• TASK DESCRIPTION: Leave every picture out, and print the full listing again exactly.

• DATA SHOWN:
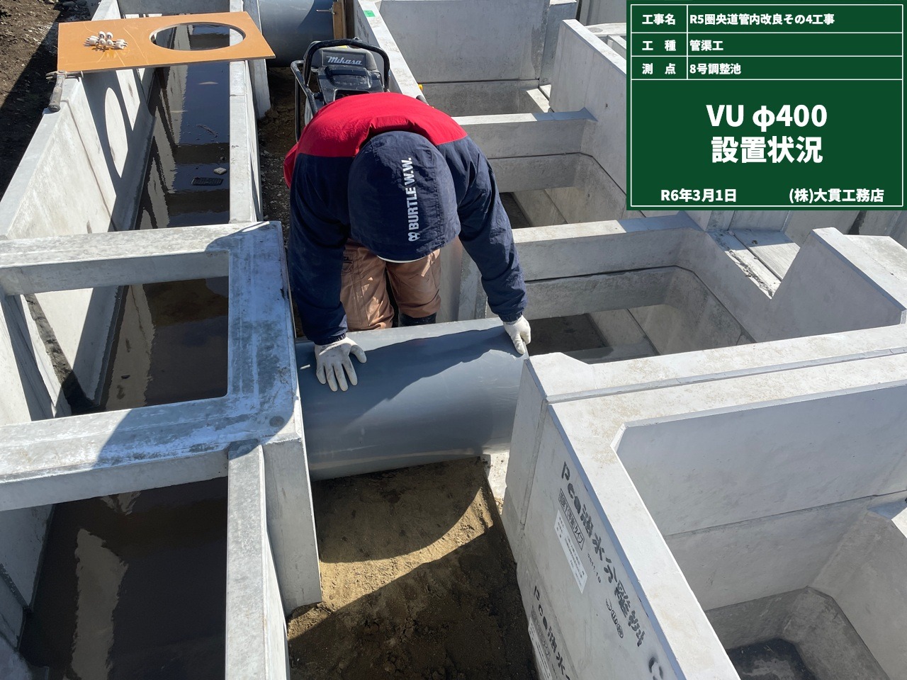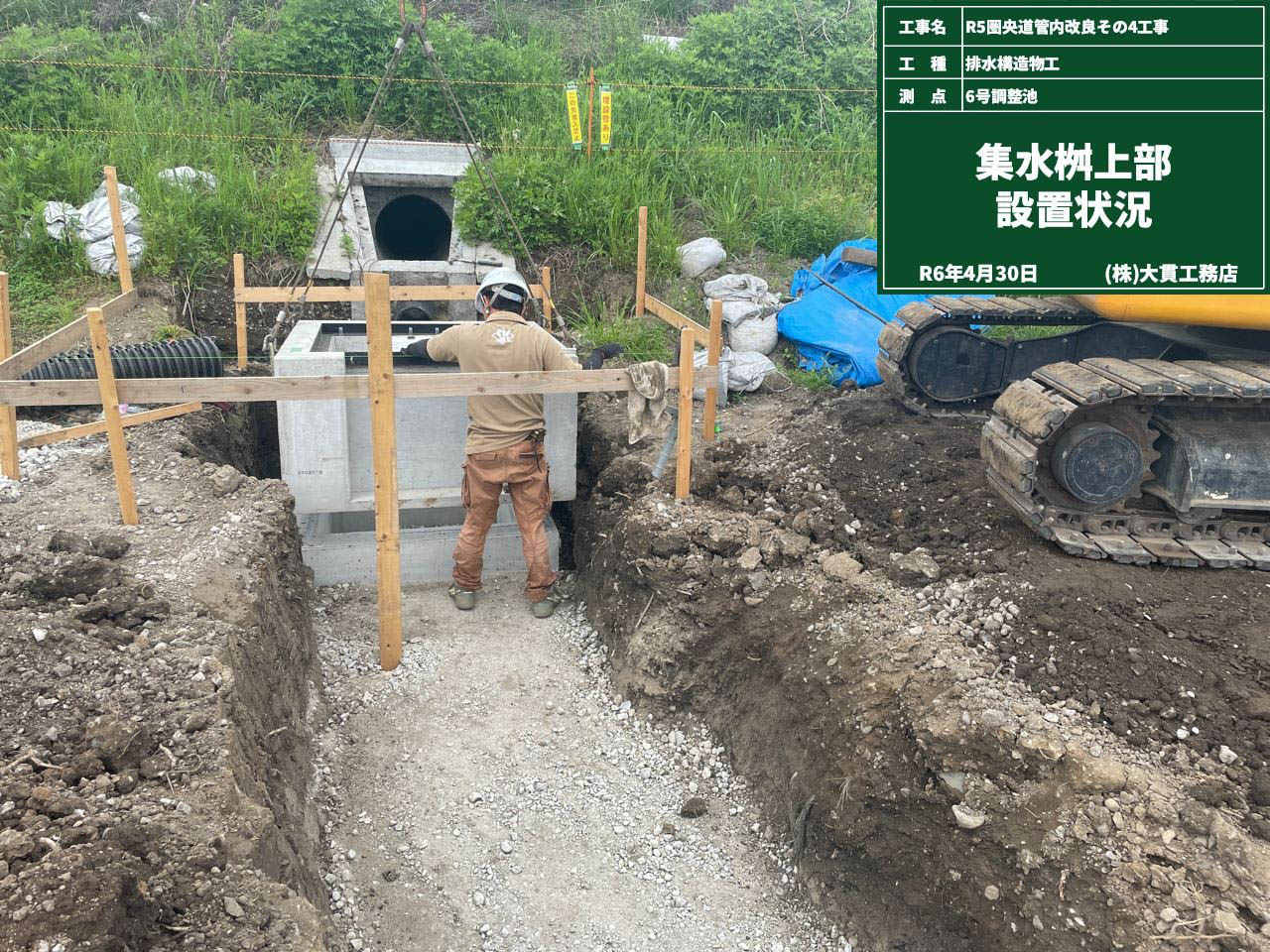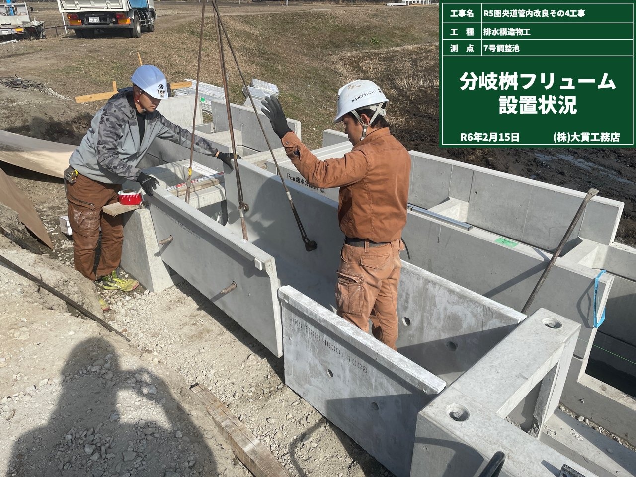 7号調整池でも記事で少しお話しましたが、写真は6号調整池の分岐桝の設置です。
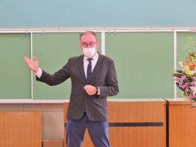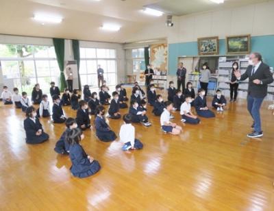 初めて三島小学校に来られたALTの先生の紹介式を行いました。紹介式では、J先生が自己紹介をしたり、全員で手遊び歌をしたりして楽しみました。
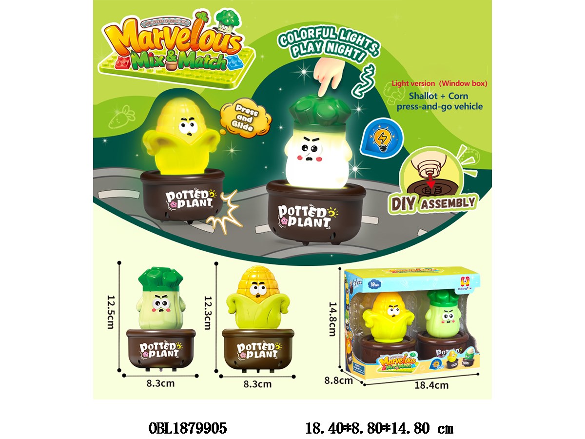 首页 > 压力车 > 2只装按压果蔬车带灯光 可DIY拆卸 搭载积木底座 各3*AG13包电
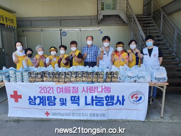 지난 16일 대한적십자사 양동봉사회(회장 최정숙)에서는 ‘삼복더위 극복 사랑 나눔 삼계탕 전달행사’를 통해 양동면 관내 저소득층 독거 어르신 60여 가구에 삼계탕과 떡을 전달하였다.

• REPLY:
 7号調整池でも記事で少しお話しましたが、写真は6号調整池の分岐桝の設置です。
 初めて三島小学校に来られたALTの先生の紹介式を行いました。紹介式では、J先生が自己紹介をしたり、全員で手遊び歌をしたりして楽しみました。
 首页 > 压力车 > 2只装按压果蔬车带灯光 可DIY拆卸 搭载积木底座 各3*AG13包电
 지난 16일 대한적십자사 양동봉사회(회장 최정숙)에서는 ‘삼복더위 극복 사랑 나눔 삼계탕 전달행사’를 통해 양동면 관내 저소득층 독거 어르신 60여 가구에 삼계탕과 떡을 전달하였다.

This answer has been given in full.